Al Sacco | Aug. 23, 2013
BlackBerry CEO Thorsten Heins shared a number of predictions on the fate of his company with CIO.com's Al Sacco in the summer of 2012. Here's how those predictions panned out.

In July 2012, I had a long, thoughtful chat with BlackBerry CEO Thorsten Heins about everything BlackBerry. Our conversation came at a crucial time for the company. The BlackBerry 10 OS had already been delayed multiple times, the company was at the center of endless doom-and-gloom rumors and Heins, who took on the chief executive reins just six months earlier, had a whole lot to prove. 

Today, a year later, Heins and team have released two BlackBerry 10 devices, the all-touch BlackBerry Z10 and the QWERTY-keyboard-equipped BlackBerry Q10. And images and details on the next iteration of the Z10, the BlackBerry "A10" or "Z30," are leaking left and right. But BlackBerry isn't much better off than it was a year ago.

In fact, "the Company's Board of Directors has formed a Special Committee to explore strategic alternatives to enhance value and increase scale in order to accelerate BlackBerry 10 deployment. These alternatives could include, among others, possible joint ventures, strategic partnerships or alliances, a sale of the Company or other possible transactions."

In other words, things didn't exactly turn out the way Heins and Co. had hoped. In July 2012, I asked Heins for a few predictions, and now, just over a year later, it's time to assess those predictions.

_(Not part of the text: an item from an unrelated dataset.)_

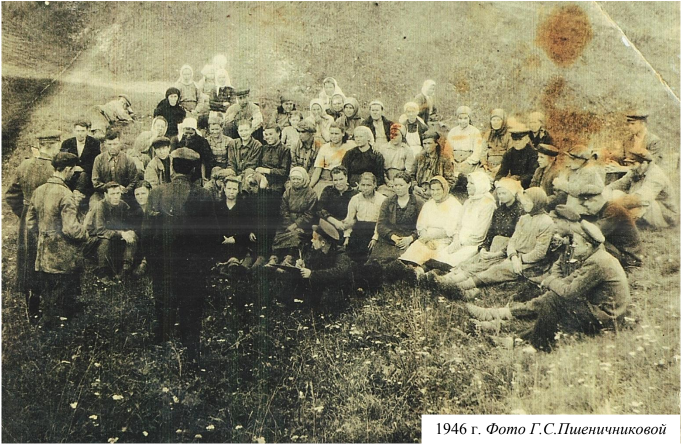
1946 г.

The following text is pulled from my Q&A with Heins. (New comments appear in italics.)

Sacco: Something I hear very often is that RIM "failed to innovate" and that a "lack of innovation" led to the fix that RIM's now in. Is it that simple? Did RIM fail to innovate?
Heins:I would not say that we failed to innovate. RIM is still a very innovative company. BlackBerry 10 will absolutely prove this.

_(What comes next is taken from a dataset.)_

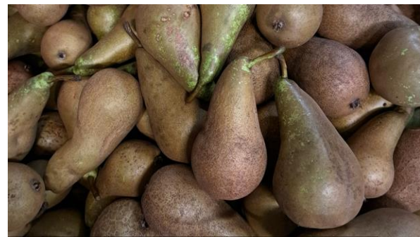
Achat poires 2 e choix
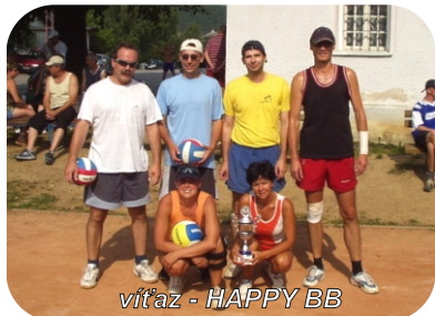
víťaz - HAPPY BB

I won't say whether or not I think BlackBerry is a very innovation company, because my opinion at this point is irrelevant today. In fact, it doesn't really matter if BlackBerry is innovative or not; BlackBerry 10 is being received in the market the way BlackBerry wanted and needed it to.

Sacco: Will BlackBerry 10 solve all of RIM's problems? Or are we looking at two or three more years before faith in RIM is restored?

Heins Faith in RIM and the financial expression of that are two different things. I'm not happy with the situation at RIM either. Who can be happy and satisfied with where we are? What I am satisfied with is that I know we have a path to the future with BlackBerry 10, because I see it.

In January with the full touch device and the QWERTY coming, I think we will reinstall faith in RIM. That's what we're working on&I have faith in the future. My team is working relentlessly to create that future.